穩坐於橫梁之上的黑衣人對著楊羿天一陣怪笑,卻是毫無惡意。那人的手在黑暗的半空中一伸一縮,立刻灑下了幾點明亮的星辰。黑衣人方才想再將手探入囊中,卻被下麵的聲音止住了。
“九川,既然事情已經到了這個地步,就由我自己來解決吧,如果總是依賴你的話,我永遠都無法成長,更別說保護身邊的這些人了。”
徐九川見沒有自己的事情了,拍拍屁股躍了出去,給這二女一男相處的時間,他終於可以歇歇自己的眼睛了,連續許多天監視著楊羿天四周的所有人,實在是太累了。
李月娥頭痛欲裂地用雙臂支撐著自己的身體,長時間的睡眠使得眼睛對於有光線條件下的事物分辨能力減弱,她隻有用雙手在床的周圍混亂地摸索。她突然摸到了一隻光滑的手,再往上摸又是一張精致的臉,等光線變得柔和了,她發現在自己的左側居然躺著一個姑娘。
她盡量回想著在其失去知覺之前的事情,忽然她想到了當時自己正在楊羿天的房中,難道……!她不敢再往下去深想,一次,第二次,自己到底是怎麼了?
突然,右側一個陌生的身體蠕動了一下,她仔細地辨認了一下背對著自己的那張臉,那個人就是楊羿天。李月娥此刻才發覺床上的三個人都是一絲不掛,就連自己也是僅用被的一角遮蓋著身體。她忙身體縮進了被中,裏麵二個陌生的肉體與自己發生了親密的接觸,那種特殊的感覺使得她全身不住地燥熱。為了控製這種難以言表的感覺,她死死地抓住枕頭。
此刻的楊羿天半眯著眼睛,用眼角的餘光注視著李月娥所有的動向,可接下來對方的動作卻令自己不僅全身冒起了冷汗,李月娥居然手拿著一把明晃晃的匕首向自己而來,他記得自己已經搜過對方的衣服,除了她自帶來的快刀,應該沒有其他任何武器了,那麼現在她手中的匕首又是從何而來?
匕首漸漸逼近,那點點的寒光不斷地暗示著死亡的來臨。
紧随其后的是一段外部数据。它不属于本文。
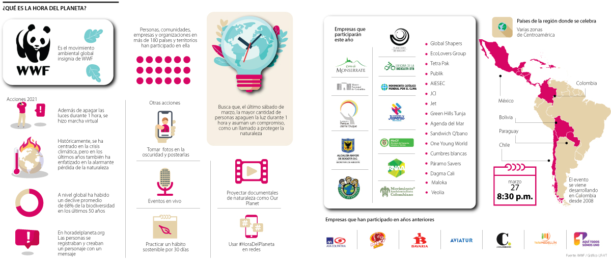 ‘La Hora del Planeta’ se ha celebrado en Colombia desde 2008 con el propósito de inspirar iniciativas de protección a la naturaleza y el medio ambiente en el país, así como impulsar la concienciación, acciones y cambios en las diferentes políticas públicas y privadas referentes al cambio climático. Para lograrlo, el evento organizado por World Wildlife Fund (WWF) ha contado con múltiples aliados en el sector empresarial desde sus inicios y que, para esta edición, llegan a 30 en total (ver gráfico).

楊羿天在心中默默地計算著匕首到來的時間,隻要李月娥一動手他就會馬上還擊,可那匕首居然在中途停了下來,隻見李月娥急匆匆地光著身子簡單地穿上了衣服,衝出了房間。
“難道她真的心軟了?”
鳳兒似乎聽到了楊羿天的說話聲,揉著睡眼醒了過來。
“相公,那位姑娘是隨你一起回來的吧,你這回可是違反了我們當初的約定哦!”
楊羿天此刻才知道,鳳兒原來昨天夜裏就已經醒過來了,那麼自己的所作所為都被她看見了,可是眼前的鳳兒卻像是沒有發生任何事情一樣。
“相公,現在的你與之前的你不同了,就像哥哥一樣,當了官之後所有的生活都要有所改變,你不用擔心我的感受,劉家上下都會全力支持你的,不會總煩著你去問為什麼,我想相公也不喜歡那樣整天嘮嘮叨叨的鳳兒。”
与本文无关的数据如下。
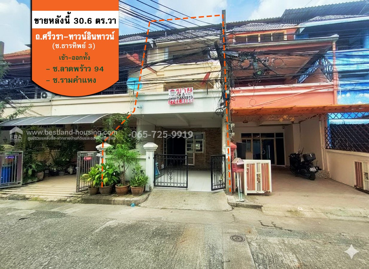 ขายทาวน์เฮ้าส์ 3.5 ชั้น ถ.ศรีวรา–ทาวน์อินทาวน์ (ซ.ธารทิพย์ 3) ทำเลทอง 30.6 ตร.วา เข้า-ออก ทั้งซอยลาดพร้าว 94,รามคำแหง เชื่อมต่อถนนประดิษฐ์มนูธรรม (เลียบด่วนรามอินทรา–อาจณรงค์)

楊羿天溫柔地撫摸著鳳兒的臉蛋,充滿愛意地在她的額頭閃吻了一下,鳳兒像是陶醉了一般,閉上了雙眼回味著那美妙的感覺。此刻的鳳兒在他的眼中是最美的,並且占據了心中最重要的地位,那雙散發著智慧的眼神也深深地烙在了記憶中,這就更加堅定了要保護他所愛的人的理由。
自從又發生了那種難以解釋的事情以後,李月娥就越發的魂不守舍,二女一男纏綿的場麵時刻地在折磨著她脆弱的神經,她的雙眼已經布滿了血絲,麵對著黑暗,她不再有著那無比的自信,而是在擔心著那一幕再一次重演。
她曾經無數此下定決心要殺死那個罪魁禍首,就算冒著要被組織上追殺的危險也要那麼幹,可扥她見到了那個男人的臉的時候,她不知道為何心軟了,失去了所有當初的勇氣,而那個可怕的男人無時不對自己表現的關懷備至,總是帶著充滿深情的麵容,讓人難以拒絕。隻要與那眼神相對,自己的雙腿之間就忍不住地發汗,全身也跟著燥熱。
她必須要克製自己,避免想起和見到那個人,從此陰暗的角落裏,寂靜的小河邊,不時地出現她的身影,最後她與寂寞成為了知己。
數日過去了,劉莊往日的平靜已經不複存在,自從楊羿天回來之後,他就開始了清點莊內的所有人員和物品,此刻的範年和張氏兄妹早已經回家了,隻剩了自己一個人忙活,他對內務還一竅不通,弄了這麼多天也是毫無頭緒,最後還要鳳兒出麵親自整理。